Assim, alongar os estudos se apresenta como a forma moderna na educação. No entanto, o conteúdo não condiz com as necessidades do homem do campo, pelo contrário, condiz com as necessidades do capital de atender às indústrias, aos setores de serviços, ainda que haja uma redução no número de fábricas, o que denota a contradição em processo criada pelo movimento do capital.

Segundo Figueira (1995), o processo de educação é algo mais amplo do que a atividade da escola propriamente dita, algo que lança novas luzes sobre a função ordenadora e sistematizadora da escola. Desse modo, o homem como ser social, estabelece relações com uma determinada sociedade num determinado momento histórico, onde a escola é uma instituição que compõe esta sociedade. Para o autor, “a nova sociedade ainda não tem, e nem pode ter, a escola condizente com os novos ditames e valores sociais. Tudo que os mestres sabem se ordena ainda segundo a velha ordem social. Está, portanto, posta a questão que consiste em saber o que se deve e como se deve ensinar” (1995, p.12).

O processo educativo não é, nesse sentido, um apêndice mais ou menos inútil de que a sociedade pode prescindir. Ao contrário, a educação, segundo Figueira, é algo tão visceral que a sociedade humana não poderia ter este seu atributo essencial, que é o de ser humana, se tal componente não fizesse parte dela (1995, p. 14). Cada determinada época histórica ensina a partir das relações sociais constituídas, ou seja, ensina a partir de modo determinado, social, para atender às necessidades do movimento do capital.

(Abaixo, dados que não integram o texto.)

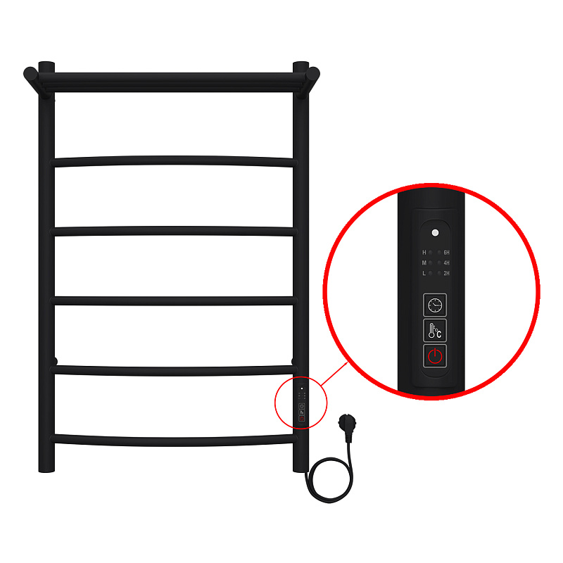 Полотенцесушитель электрический AZARIO VERONA 500/800 5 секций, с полкой, диммер справа, черный (AZ04858PB)

Ainda nessa direção, Martins (1980) entende o modo capitalista de produção na concepção clássica, isto é, como modo capitalista de pensar enquanto modo de produção de idéias necessárias83 à reprodução do próprio capitalismo. Por conseguinte, define a produção de diferentes modalidades de idéias necessárias ao modo de produção e reprodução desse sistema à re-elaboração de suas bases de sustentação ideológicas e sociais.

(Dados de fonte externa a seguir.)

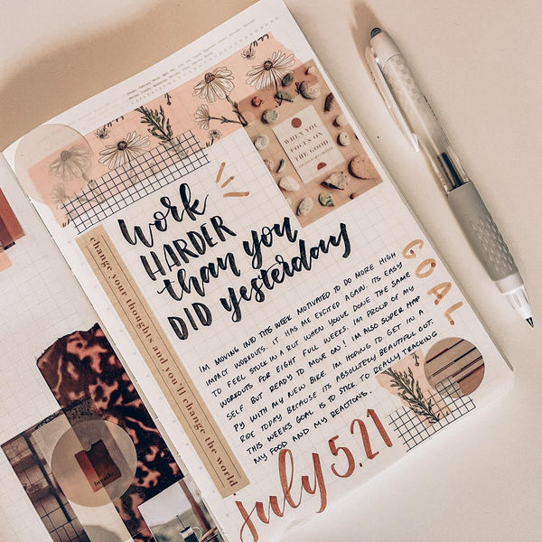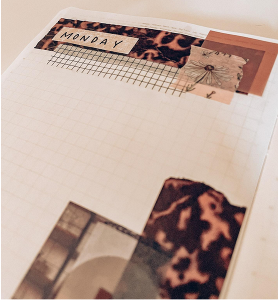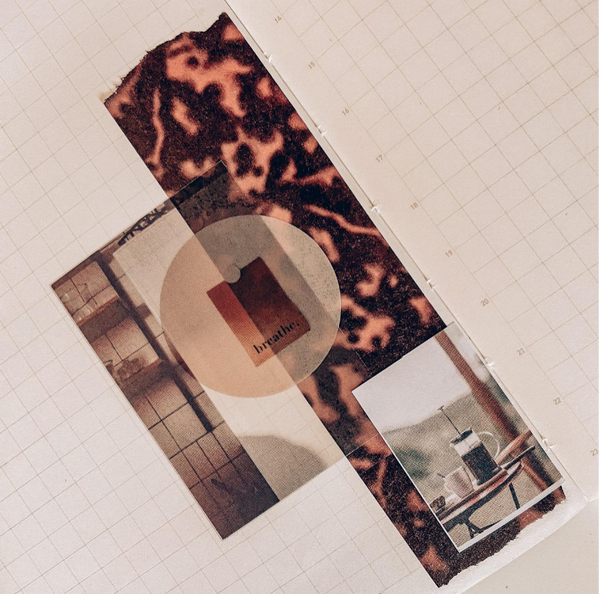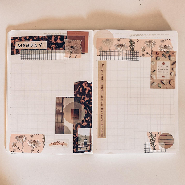 For this spread I loved the neutral vibes of the washi tape I chose, so I kept that color scheme in mind for the rest of my collages. I love the way that using different shaped stickers and sticky notes can transform an entire spread and give it so much character. I always spend a few moments admiring my spreads before the pen!

83 A padronização, especialização, sincronização, centralização e maximização deram sustentação e estruturaram

a organização da produção da distribuição da riqueza social, extrapolaram a esfera da produção e invadiram todas as outras esferas da vida social. Francisco Teixeira, 1996.

Mészáros (2005) vai além e complementa que, no atual modo de produção capitalista, a educação tornou-se uma mercadoria que representa o mecanismo perpétuo de reprodução desse sistema, fornecendo os conhecimentos necessários para a maquinaria produtiva em expansão, transmitindo um quadro de valores que legitima os interesses dominantes, ou seja, tornou-se 'peça' chave do processo de acumulação do capital.

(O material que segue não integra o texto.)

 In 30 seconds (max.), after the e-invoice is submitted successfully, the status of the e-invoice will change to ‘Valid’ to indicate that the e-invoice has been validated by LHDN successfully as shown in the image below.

Marx e Engels (1846), em seus escritos, já apontavam que os pensamentos, os conceitos, as representações, são considerados produtos da consciência. Assim, a consciência também é produzida, gerada pelas contradições da sociedade capitalista de produção.

De acordo com a exposição dos autores supracitados, entendemos que a escola rural está totalmente voltada para incorporar as tendências do espaço urbano, de acordo com a lógica do mercado, ou seja, é a contradição em processo, não há uma educação do campo com vistas a envolver a comunidade, de estudar a produção da vida do campo, suas transformações, sua história, seu cotidiano.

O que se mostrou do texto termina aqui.